With few exceptions, all economies have experienced a decline in their share of manufacturing and an increase in services relative to total production as per capita gross domestic product increased over the past three decades.
But most Americans do not realise that the job decline began decades before China’s rise, or that manufacturing output has nevertheless been increasing steadily even though its share of GDP has been shrinking.
The decrease in manufacturing as a share of GDP stems from deep-rooted structural factors. Technological improvements are driving down the prices of manufactured goods more rapidly than services. Also, as economies develop, companies shift from manufacturing to more profitable services.
The path of deindustrialisation is now the norm for high-income economies. Yet America’s political establishment continues to focus on small wins in hi-tech manufacturing instead of recognising the critical role of knowledge-intensive services in driving economic growth.
Decades ago, China was much more restrictive than other major economies, according to the Organisation for Economic Cooperation and Development’s foreign investment restrictiveness index. Today, China has opened up foreign investment in manufacturing to levels comparable to other advanced economies. But for KTI services, China is still much more restrictive.
China fears that its service providers would not be competitive in global, open markets and that national security could be jeopardised. But Chinese companies have matured and would benefit from robust foreign competition while security can be managed.

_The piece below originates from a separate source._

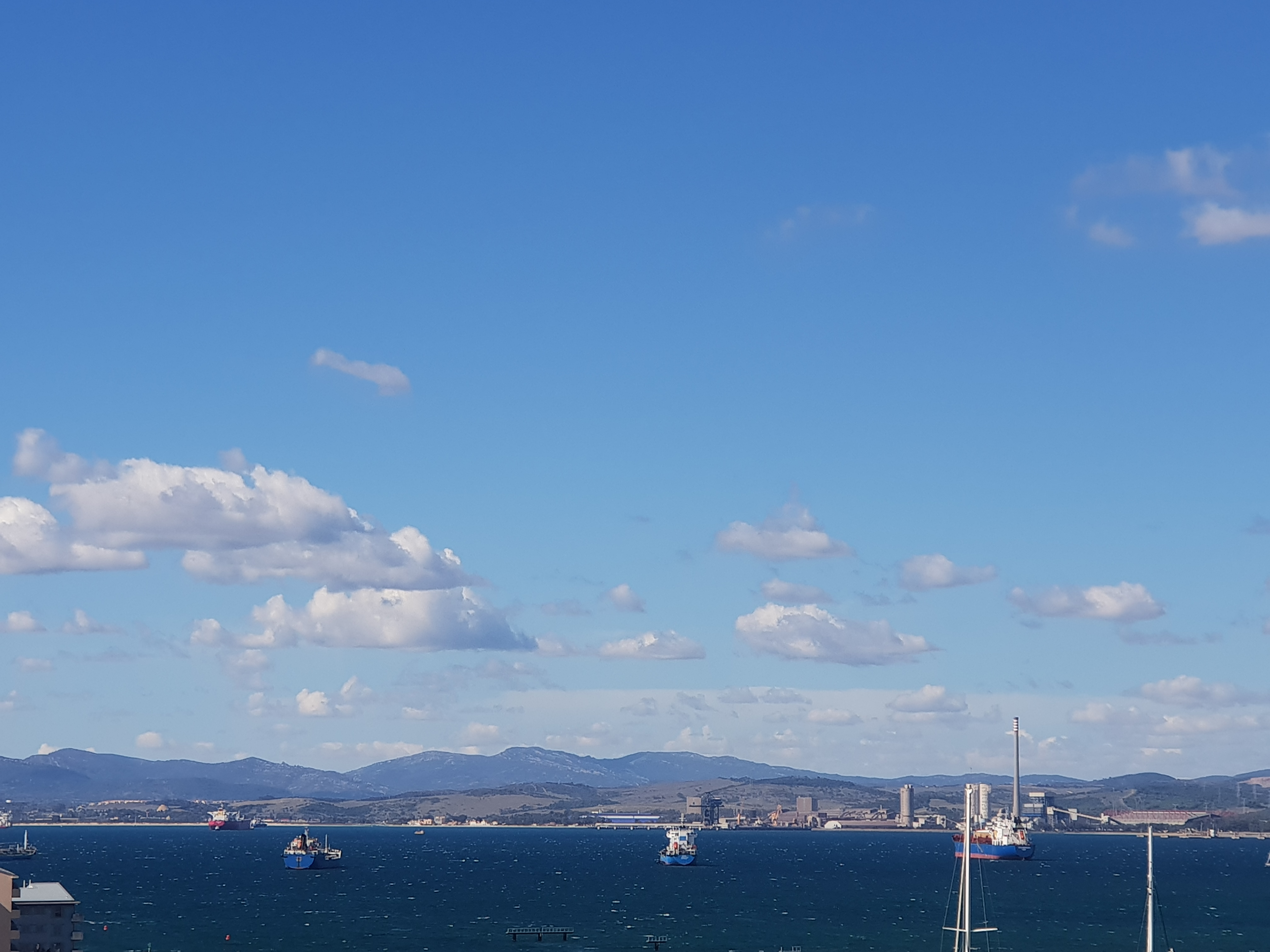 View of Spain coast taken from Gibraltar.

Both the US and China need to be involved in forging global guidelines if a broadly acceptable framework is to be developed. For China, greater competition with the US would accelerate knowledge transfer and help Chinese firms upgrade skills.
For American hi-tech companies, the Chinese market generates the large profits needed to invest in R&D to maintain an innovative edge. Economic competition puts pressure on both sides to become more productive.
The phase one agreement with China may be good politics, but the logic is questionable. If the US and China want to address the issues that will affect future prosperity, strengthening collaboration in high-value services offers an alternative path.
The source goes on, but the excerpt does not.